# What is being asked
Reproduce the data exactly as given, except for any images.

┌─ Information provided

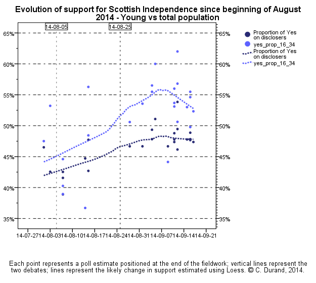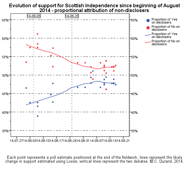 Oggi si vota in Scozia per l’indipendenza e qui ho trovato una interessante analisi fatta da Claire Durand, professoressa di Sociologia all’Universita’ di Montreal e membro della WAPOR (Associazione mondiale dei ricercatori sulla Pubblica Opinione) e della associazione internazione delle metodologie sogiologiche.
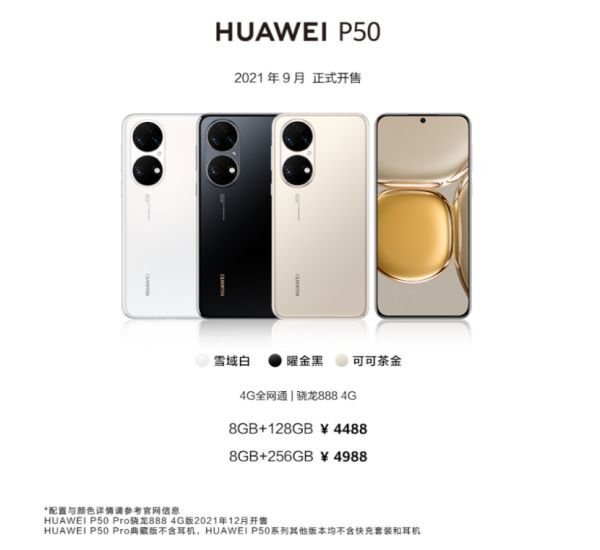 华为P50将于2021年9月正式开售,8GB+128GB售价为4488元,比P40贵300元。8GB+256GB售价为4988元。
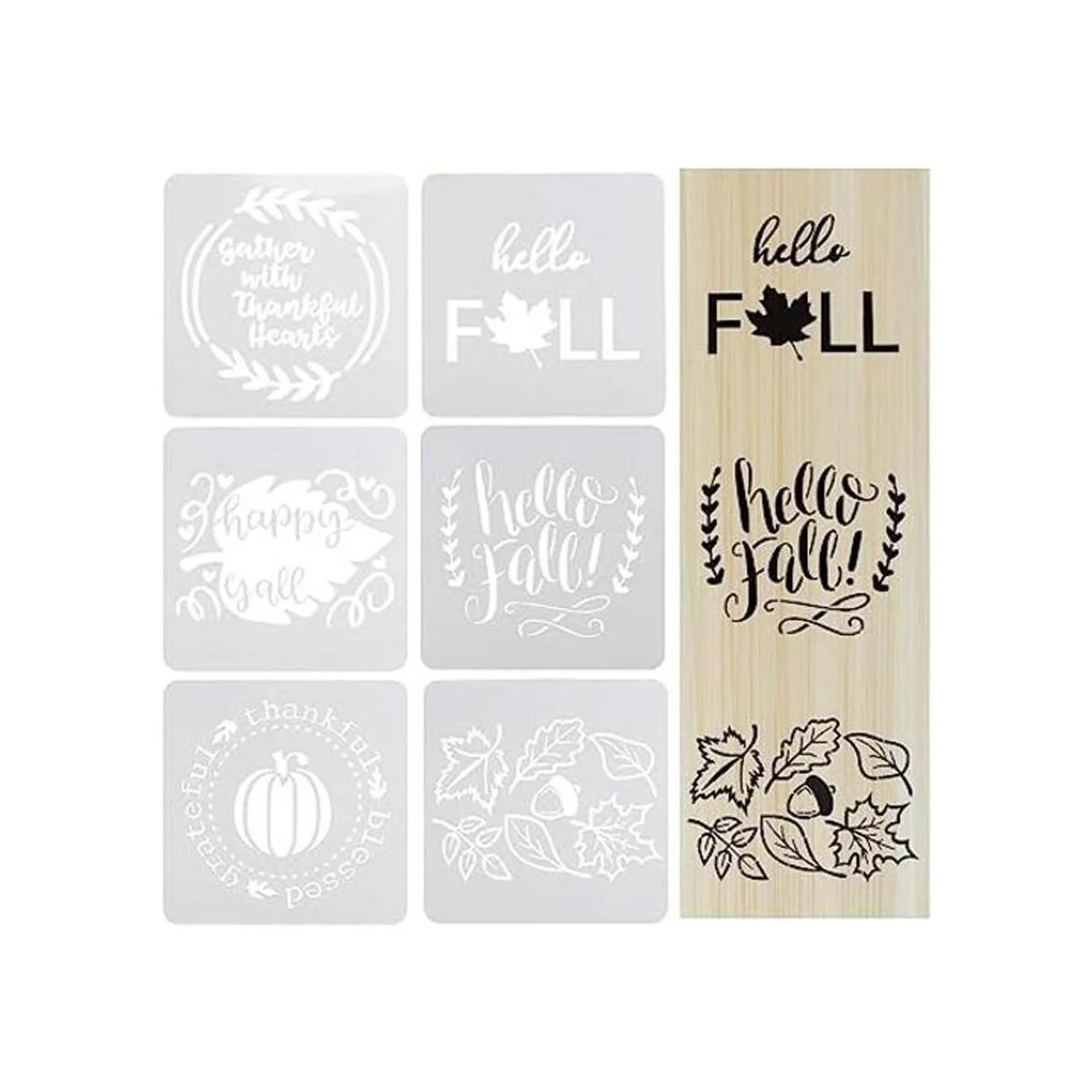 LUTER Plantillas de madera para decoración de casas de campo, 6 unidades, diseño de calabaza y arce, reutilizables, 12.0 x 12.0 in

└─

# Solved problem
 Oggi si vota in Scozia per l’indipendenza e qui ho trovato una interessante analisi fatta da Claire Durand, professoressa di Sociologia all’Universita’ di Montreal e membro della WAPOR (Associazione mondiale dei ricercatori sulla Pubblica Opinione) e della associazione internazione delle metodologie sogiologiche.
 华为P50将于2021年9月正式开售,8GB+128GB售价为4488元,比P40贵300元。8GB+256GB售价为4988元。
 LUTER Plantillas de madera para decoración de casas de campo, 6 unidades, diseño de calabaza y arce, reutilizables, 12.0 x 12.0 in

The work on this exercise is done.